Wegge Lynggaard has cerebral palsy which affects the left side of her body but that has not stopped her becoming an elite athlete in two sports. The 38-year-old has represented Denmark at both swimming and golf, wearing her nation’s colours on several occasions in both the team and individual events at the European Championship For Golfers With Disability. She began playing golf at 13 but stopped playing for 12 years before rediscovering her passion and this year she helped her country finish seventh in the European Team Championship For Golfers With Disability.

Mike Rolls

Australia

WR4GD - 61

Mike Rolls

Rolls was in Tasmania with his Australian Rules Football team-mates when he was struck down with meningococcal septicaemia at the age of 18. He was given just a five per cent chance of survival at one point and his parents rushed from Melbourne to the hospital, where Rolls had three bleeds to the brain which left him in a coma for five and a half weeks.
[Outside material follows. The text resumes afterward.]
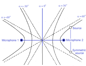 - The time difference between the two microphones is computed and used in estimating the position of the acoustic source.

When he awoke, his right leg was amputated at the knee, half his left foot had to be guillotined, two fingers were lost, and his nose was damaged. Nine years later, he took the choice to also have his troubling left leg amputated. Rolls, now a motivational speaker and published author, credits golf - which he first played as a boy and then had to learn to play again twice after the loss of each leg - with playing a huge part in his recovery and has played in four Ranking events so far this season.